Other principles include ditching beauty products and avoiding social interactions with men altogether.
“The women in South Korea are doing it. It’s time we join them,” said one post on X. “Men will NOT be rewarded, nor have access to our bodies.”
The women are furious that Mr Trump, whose Supreme Court appointees ended federal protections for abortion and who was previously found liable for sexual abuse, has for a second time prevented a female presidential candidate from reaching the Oval Office.
“Ladies, we need to start considering the 4B movement like the women in South Korea and give America a severely sharp birth rate decline,” said another post on X. “We need to bite back.”
Magnified by the US, the call to action is going global. Google searches for the term have spiked in Turkey and Malaysia, while women in India, Pakistan, Egypt and Brazil are calling for similar movements there too.
“Seeing the 4B movement spreading internationally brings me immense joy and pride as a Korean feminist,” said one activist. Another said it was a way to “repay the gratitude they owe to the suffragettes”.
Sexism and misogyny
For one Korean practitioner of 4B, the misogyny started at a young age.
In her primary school, she said the boys in her class would openly discuss the pornography they had watched online, comparing the size of the women’s breasts with those of her classmates.
By the time they were teenagers, the boys were creating group chats to target, taunt and sometimes physically harass schoolgirls. As the casual sexism continued throughout high school, college and into the workforce, one common factor was evident.
So for more than three years, she has cut out men from her life.
“The moment I decided I had to stop everything with Korean men was when I realised that my partner was no different from the terrible men I had encountered from elementary school to adulthood,” said the woman, who is in her 20s and lives in Seoul, but asked not to be identified for fear of reprisals.

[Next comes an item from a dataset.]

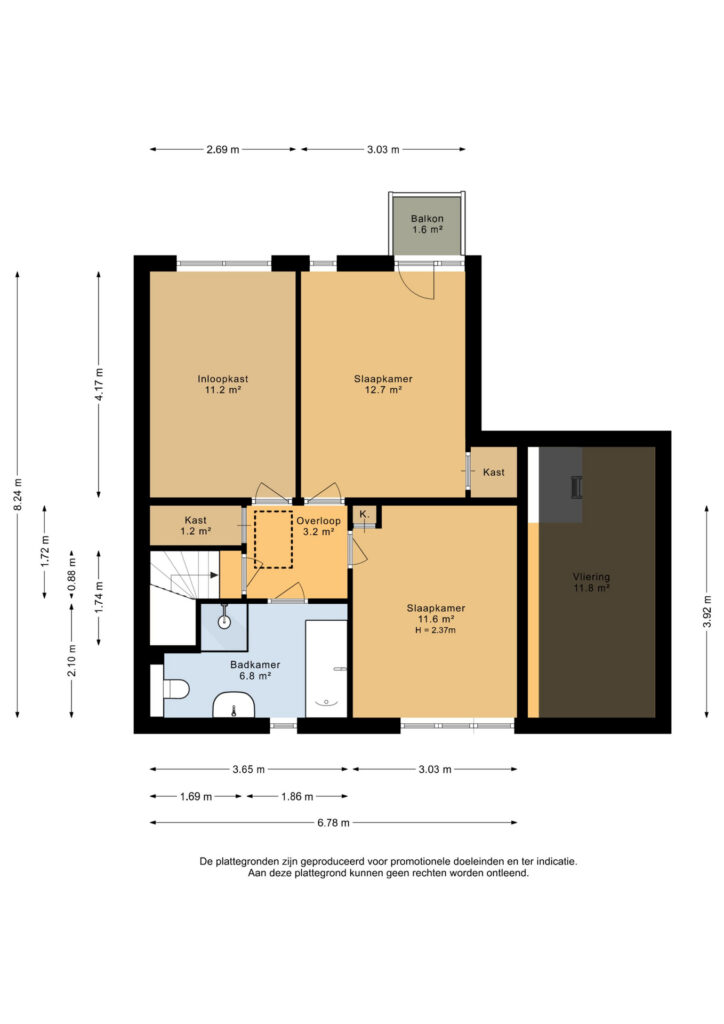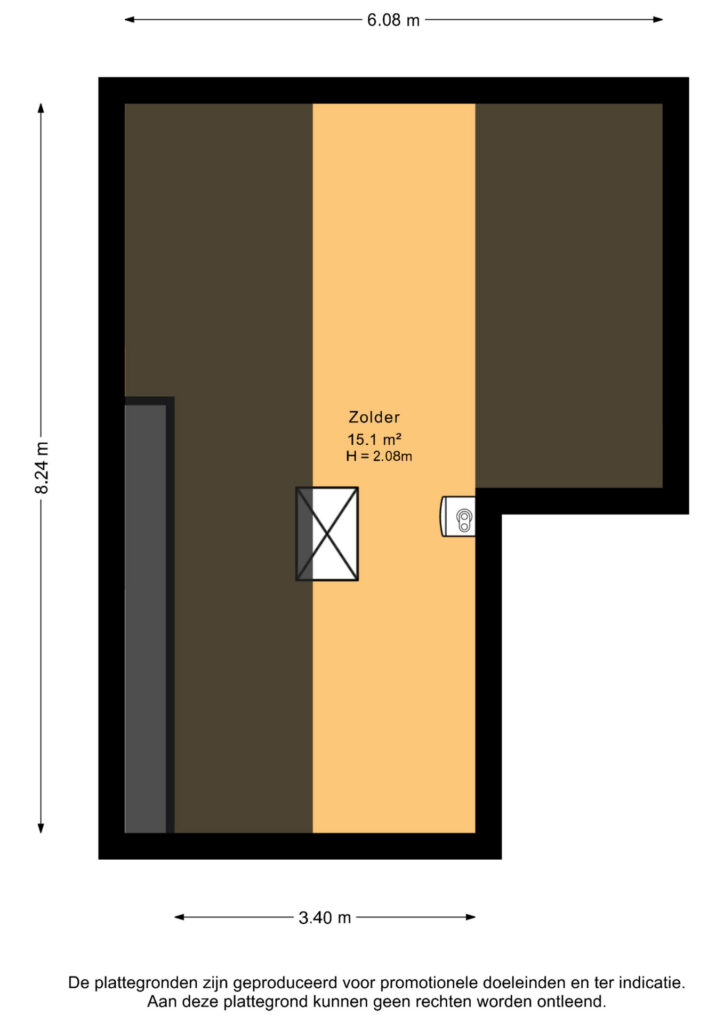 Vanaf de overloop is er toegang tot de vliering, die extra opbergruimte biedt.

While South Korea’s K-pop acts and Oscar-winning movies have made it into a global cultural powerhouse during the past decade, its society is deeply divided over widespread misogyny, gender discrimination and violence against women.
The typical female worker in South Korea earns 31.2 percent less than her male counterpart, the worst gap of any advanced economy. The pay gap is more than double the OECD average.

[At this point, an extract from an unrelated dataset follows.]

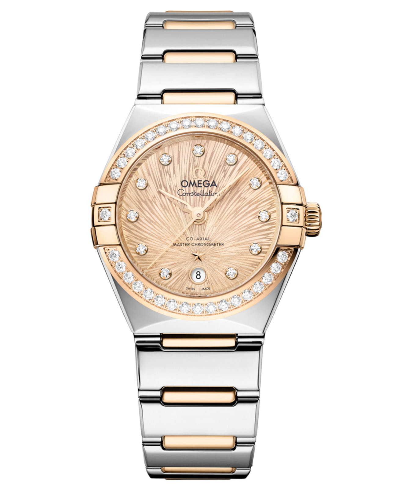 Moonshine™, а также россыпь бриллиантов в оправах из того же благородного металла, сверкающих как далекие созвездия. Часы завершаются интегрированным браслетом с инновационной системой микроподгонки, а их космическую душу составляет коаксиальный хронометр OMEGA Master Chronometer 8700, чье совершенство можно рассмотреть сквозь кристально прозрачное сапфировое стеклоСапфировое стеклоПрочный и надёжный материал из кристалла сапфира синтетического происхождения, характеризующийся особой твёрдостью и устойчивостью к царапинам и повреждениям. задней крышки.

And South Korea ranks dead last among advanced economies on the Economist’s glass-ceiling index of opportunities for professional women, a position which it has not improved in eight years.
Though crime rates in South Korea are low overall, 90 per cent of victims of violent crime are women, according to the supreme prosecutors’ office.
In one notorious case, a Korean man who stabbed a young woman to death in Seoul’s plush Gangnam neighbourhood in 2016 said: “I did it because women have always ignored me.”
A government survey in 2022 found almost two-thirds of Korean women felt unsafe when they were alone in public at night.
Also prevalent are hidden spy cams, which take images of women in toilets, changing rooms and other private spaces without their consent, according to Human Rights Watch.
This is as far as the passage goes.